16. The method for thermally insulating a selected surface as claimed in claim 15, including the step of applying a second layer of a thermo-glass fabric composed of a glass fiber permeated with a special high temperature glue composed of expanded vermiculite and water.

17. The method for thermally insulating a selected surface as claimed in claim 16 further including the steps of: (i) applying a third layer overlying the second layer, said third layer composed of liquid phenolic resin; and(ii) applying a fourth layer overlying the third layer, said fourth layer being a varnish layer of selected color.

18. The method for thermally insulating a selected surface as claimed in claim 15, wherein the mixture of liquid vermiculite (LV) and granulated Rockwool includes expanded vermiculite mixed with water in a given weight ratio and wherein the liquid vermiculite (LV) is mixed with the granulated Rockwool in a given weight ratio.

19. The method for thermally insulating a selected surface as claimed in claim 16, wherein the special high temperature glue composed of expanded vermiculite and water is formed by mixing EV and water in the ratio of 2 grams, plus or minus ten percent, of EV to every 10 grams, plus or minus ten percent, of water.

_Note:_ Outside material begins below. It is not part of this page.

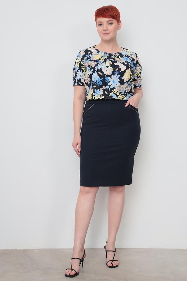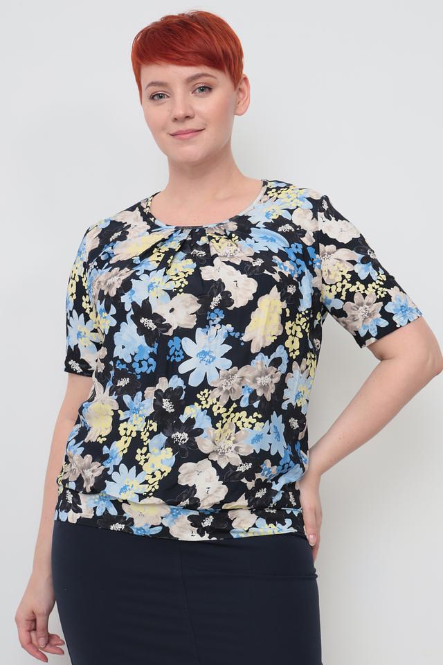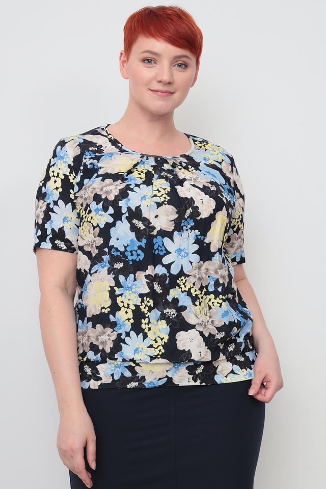 Модель имеет округлый вырез горловины и короткие рукава. Блуза выполнена из качественной вискозы с добавлением эластана, что обеспечивает мягкость, комфорт и хорошую посадку по фигуре. Ткань приятна к телу и хорошо драпируется.

20. The method for thermally insulating a selected surface as claimed in claim 16, wherein the mixture of liquid vermiculite (LV) and granulated Rockwool is formed with the weight ratio of the liquid vermiculite to the granulated Rockwood being in the range of 1 gram, plus or minus ten percent, of granulated Rockwool to 4.44 grams, plus or minus ten percent, of the liquid vermiculite; and wherein the mixture of liquid vermiculite (LV) is formed with the weight ratio of 7 grams, plus or minus 10%, of expanded vermiculite for 10 grams, plus or minus 10%, of water.